Stored entries
★ ★ ★
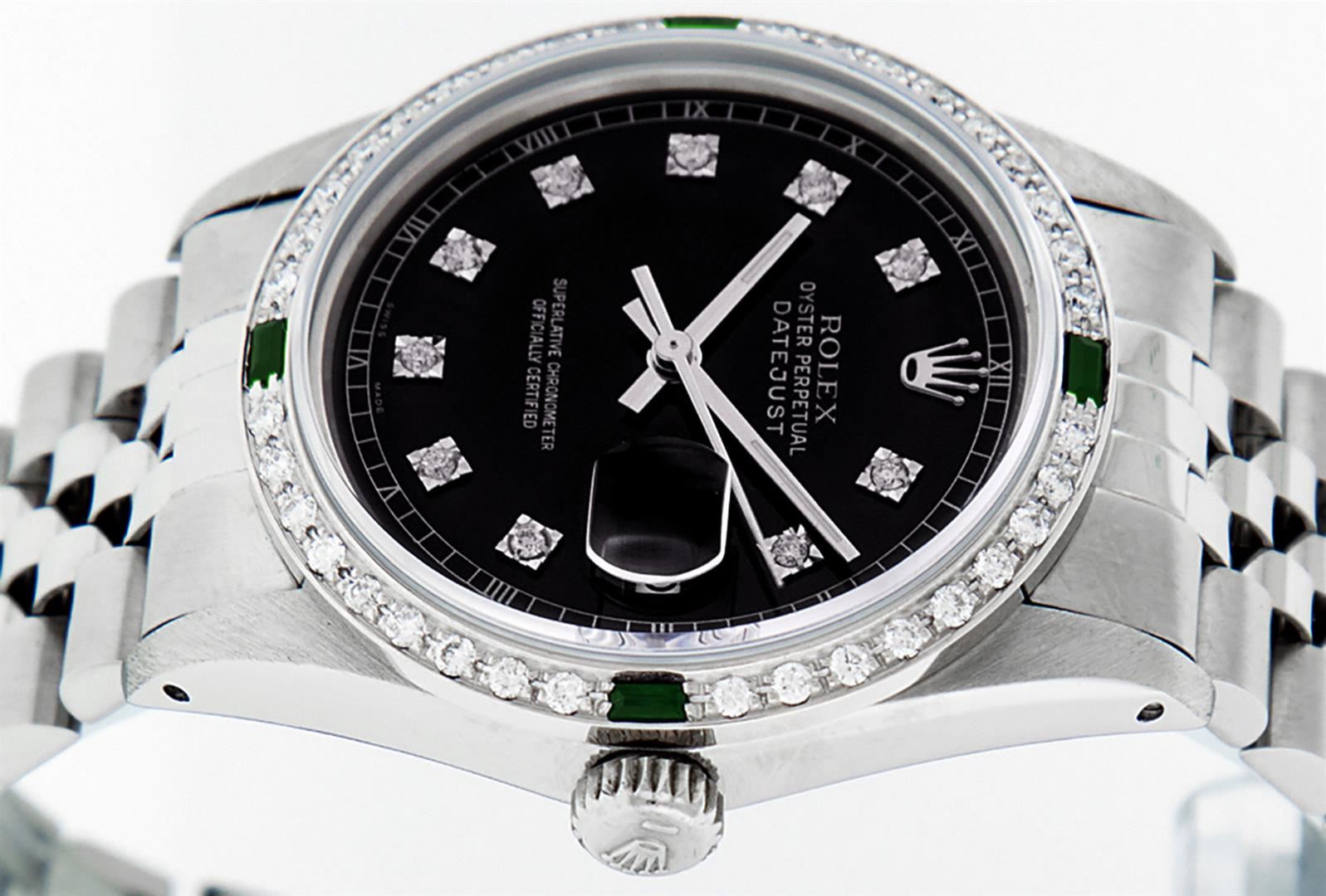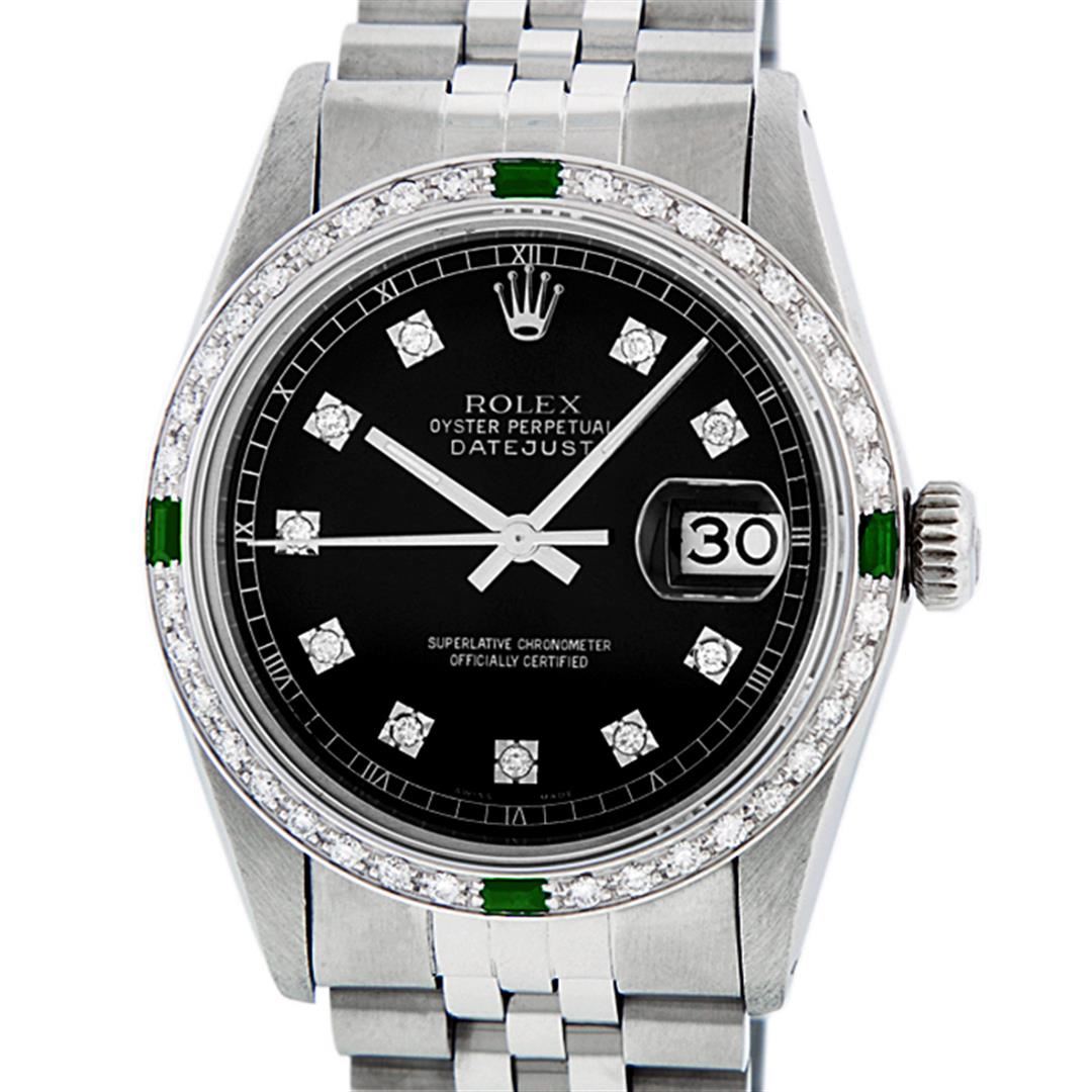 One Mens Stainless Steel Rolex Datejust Polished, Serviced & Electronically Tested, Stainless Steel Case: 36mm, Stainless Steel Crown, Custom Bezel: New 18K White Gold Emerald Beadset Diamond Bezel, Diamond + Gem Count: 36 Diamonds + 4 Emeralds, Total Weight 1.00 Carat, Clarity: SI-VS, Color: G to H. Custom Crystal: New Scratch Resistant Synthetic Sapphire Cyclops Lens. Custom Hands: New Luminescent Hands. Movement: Automatic Winding Movement Caliber 3035. Custom Dial: Black Diamond Dial With Roman Track, 10 Diamonds in Dial, G To H In Color, Clarity: SI-VS. Date Window: 3 O'Clock Position Date Display, Quickset, Model: Datejust. Condition: G-6 Extra Fine. Bracelet: Stainless Steel Jubilee Band. Bright Polish & Satin Finish. 7.0 Inch Length, Adjustable. Standard Clasp, With Rolex Logo. This Watch Has Been Serviced Time Tested And Is In Excellent Condition It Is Free Of All Scratches And Dents.
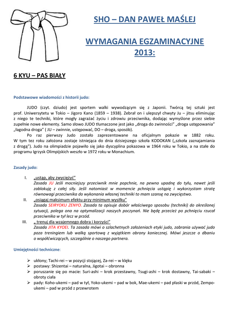 SHO – DAN PAWEŁ MAŚLEJ WYMAGANIA EGZAMINACYJNE 2013:
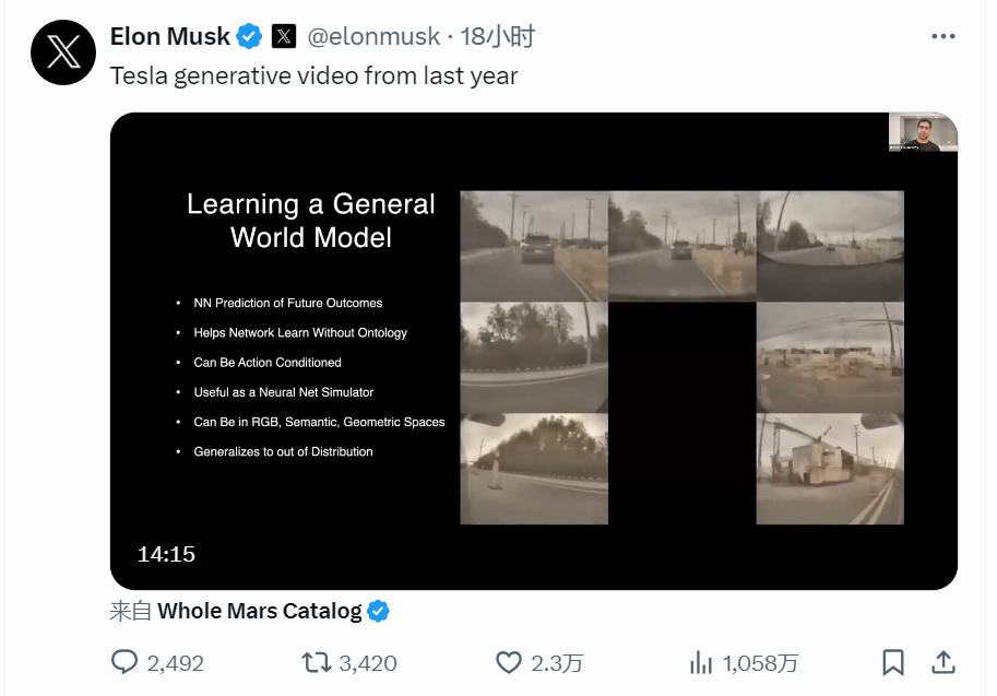 随后他在 X 上转发了一条 2023 年的视频,内容是特斯拉自动驾驶总监 Ashok Elluswamy 向外界介绍特斯拉如何用 AI 模拟真实世界驾驶。视频中,AI 同时生成了七个不同角度的驾驶视频,同时只需要输入「直行」或者「变道」这样的指令,就能让这七路视频同步变化。
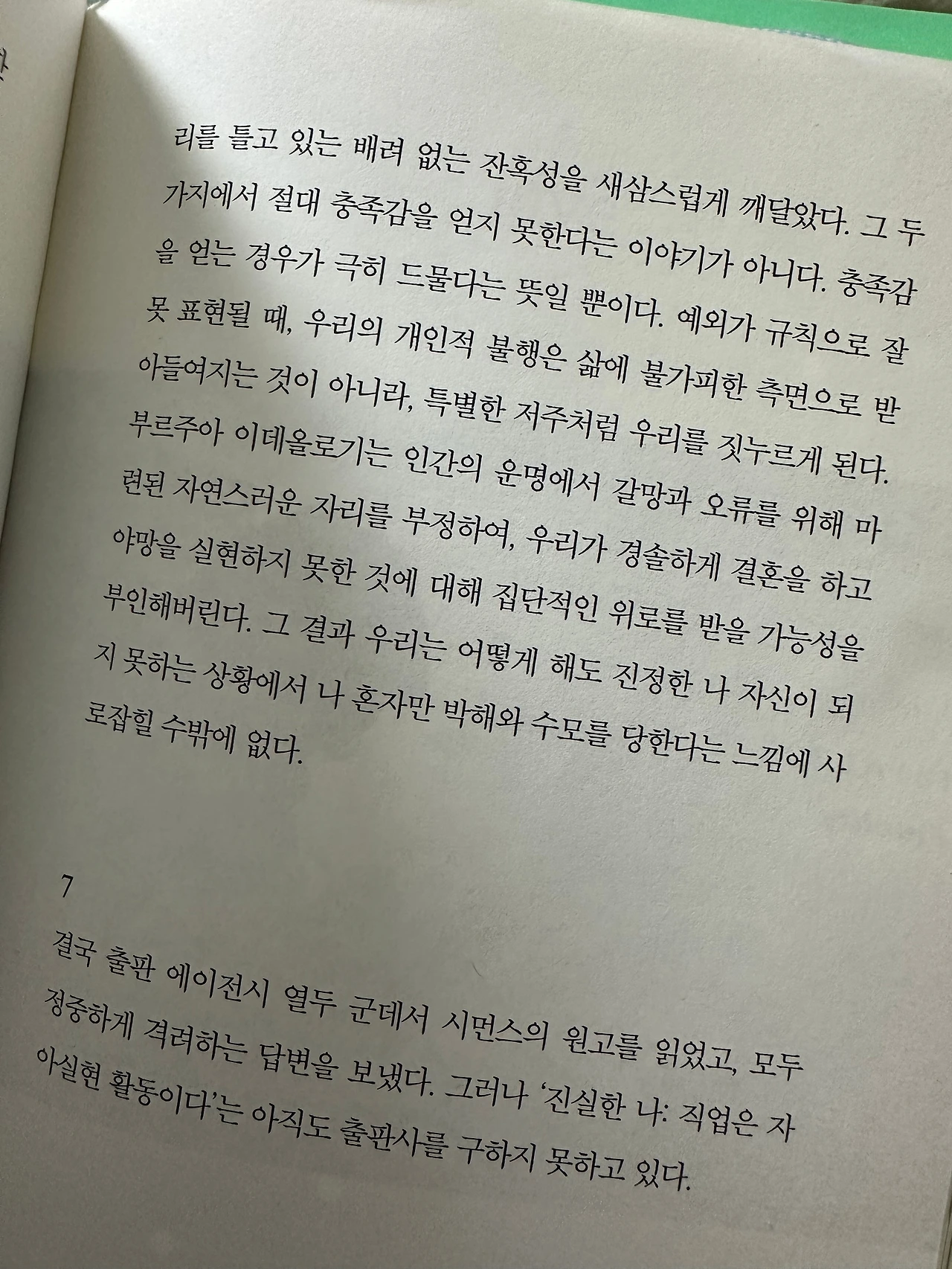 모두가 일과 사랑에서 행복을 발견할 수 있다는 너그러운 부르주아적 자신감 안에 은밀하게 똬리를 틀고 있는 배려 없는 잔혹성을 새삼스럽게 깨달았다. 그 두 가지에서 절대 충족감을 얻지 못한다는 이야기가 아니다. 충족감을 얻는 경우가 극히 드물다는 뜻일 뿐이다. 예외가 규칙으로 잘 못 표현될 때, 우리의 개인적 불행은 삶에 불가피한 측면으로 받아들여지는 것이 아니라, 특별한 저주처럼 우리를 짓누르게 된다. 부르주아 이데올로기는 인간의 운명에서 갈망과 오류를 위해 마련된 자연스러운 자리를 부정하여, 우리가 경솔하게 결혼을 하고 야망을 실현하지 못한 것에 대해 집단적인 위로를 받을 가능성을 부인해버린다. 그 결과 우리는 어떻게 해도 진정한 나 자신이 되지 못하는 상황에서 나 혼자만 박해와 수모를 당한다는 느낌에 사로잡힐 수밖에 없다.
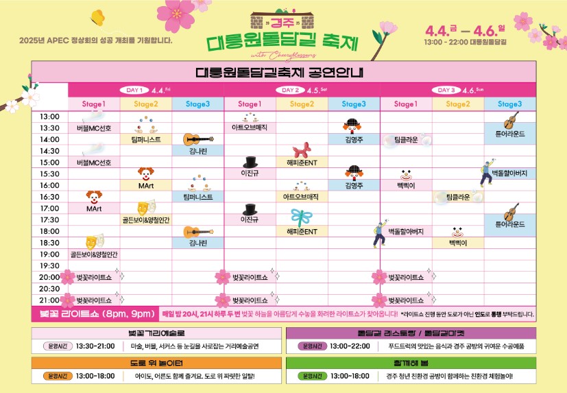 게다가 대릉원돌담길은 벚꽃이 피는 시기에는 별다른 공연이 없어도 수많은 관광객이 찾는 명소이다.
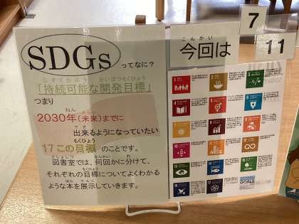 ふれあいルームと図書室では、SDGsのコーナーを作り、子供たちが気軽にSDGsの本を手に取れるように準備をしています。
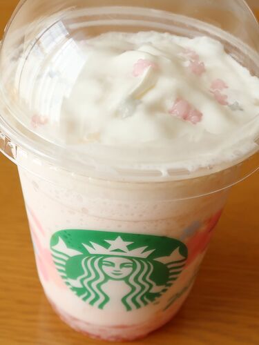 スタバの《さくらさくらんぼフラペチーノ》。 金平糖が かわいい♡ 氷少なめで。 ほんのり甘酸っぱい…てか、甘いw もう少し酸味がある方が いいな。
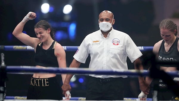 Katie Taylor celebrates winning against Delfine Persoon in the Undisputed Lightweight Title contest at the Matchroom Boxing Fight Camp in Essex, England. Photo: INPHO/Matchroom Boxing/Mark Robinson
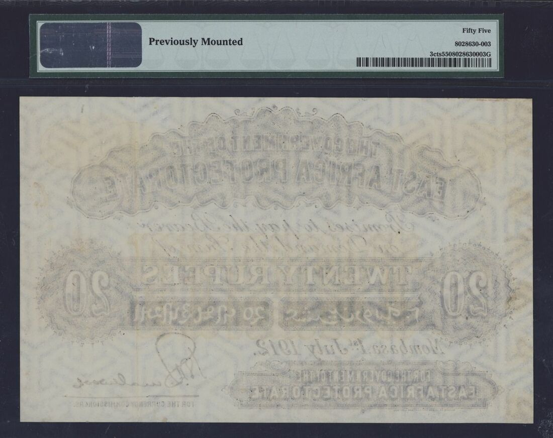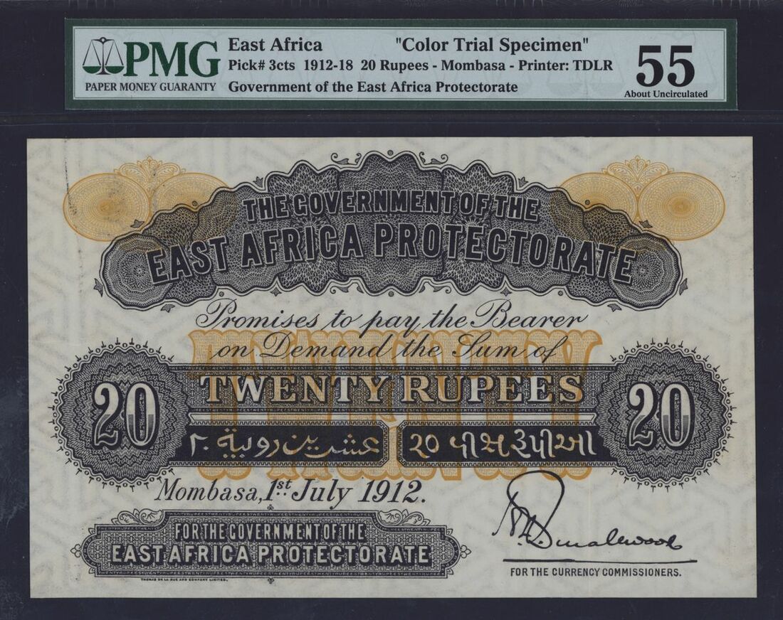 (x) Government of the East Africa Protectorate, colour trial specimen 20 rupees, Mombasa, 1st July 1912, no serial numbers, black and yellow (issued note in black and red),
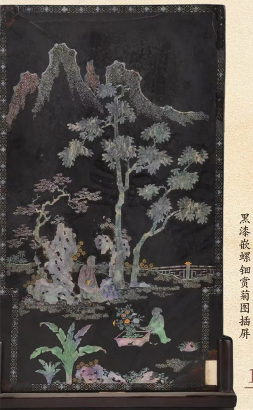 黑漆嵌螺钿赏菊图插屏
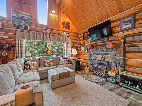 Beautiful Log home home on 15 acres with a pond and the Chewelah Creek running though the property. Open floor plan with main floor bedroom, beautiful bathroom with dual sinks with a jetted clawfoot tub. There are two main floor outside decks to sit and enjoy the park like settings. Downstairs has another full kitchen, family room with gas stove, 3/4 bath and a nice size bedroom with its own patio. The large upstairs loft is currently being used for a office but could easily be used as a 3rd bedroom or great game/TV room. Outside there's an oversized 2 car garage, barn with a tack room with power and water, also a shop that's insulated with a wood burning stove that could also be used for hobbies or possibly additional living quarters. This home truly shows pride of ownership, new life time roof, hot water tank and soft water unit all in the last few years. This is a true recreational paradise with several lakes, rivers and hundreds of miles US Forest Service lands right outside your door.
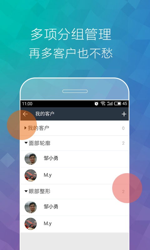 通过丽美度,您可以毫不费力地建立、管理自己的客户群体,掌握客户的求美进程,随时随地运用最优质、便捷的集成专业医美知识模板和顾客一道讨论变美方案,在不影响个人生活的情况下,利用碎片化时间在线解答顾客问题,和顾客建立起良性、长久的合作关系。
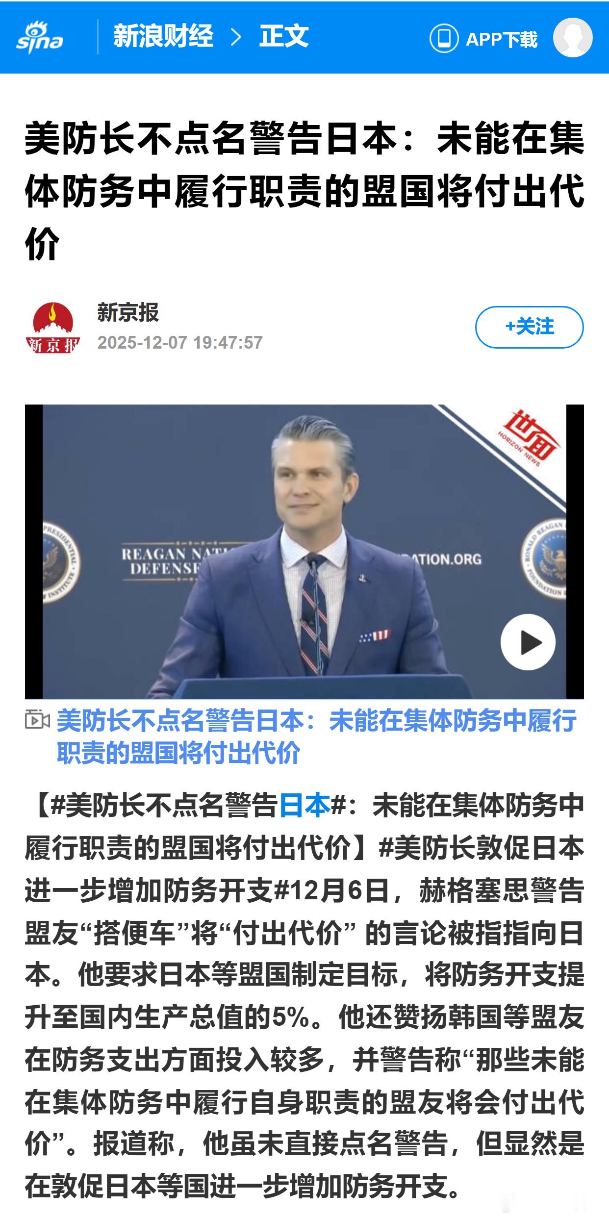 美防长不点名警告日本:未能在集体防务中履行职责的盟国将付出代价
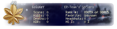 | Suicides | 0 | Headshots | 0 | Headshot / Kill | 0 % |
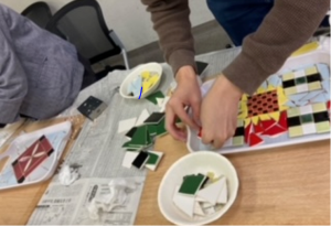 タイル職人さんに教えていただきながらトレーにタイルを貼り、装飾する体験をしました!
★ ★ ★
AIM OF THE TASK
When you reach the line that contains "通过丽美度,您可以毫不费力地" in the records above, copy it and every line after it exactly through the last one, leaving out the pictures.

SOLUTION TO THE PROBLEM
 通过丽美度,您可以毫不费力地建立、管理自己的客户群体,掌握客户的求美进程,随时随地运用最优质、便捷的集成专业医美知识模板和顾客一道讨论变美方案,在不影响个人生活的情况下,利用碎片化时间在线解答顾客问题,和顾客建立起良性、长久的合作关系。
 美防长不点名警告日本:未能在集体防务中履行职责的盟国将付出代价
 | Suicides | 0 | Headshots | 0 | Headshot / Kill | 0 % |
 タイル職人さんに教えていただきながらトレーにタイルを貼り、装飾する体験をしました!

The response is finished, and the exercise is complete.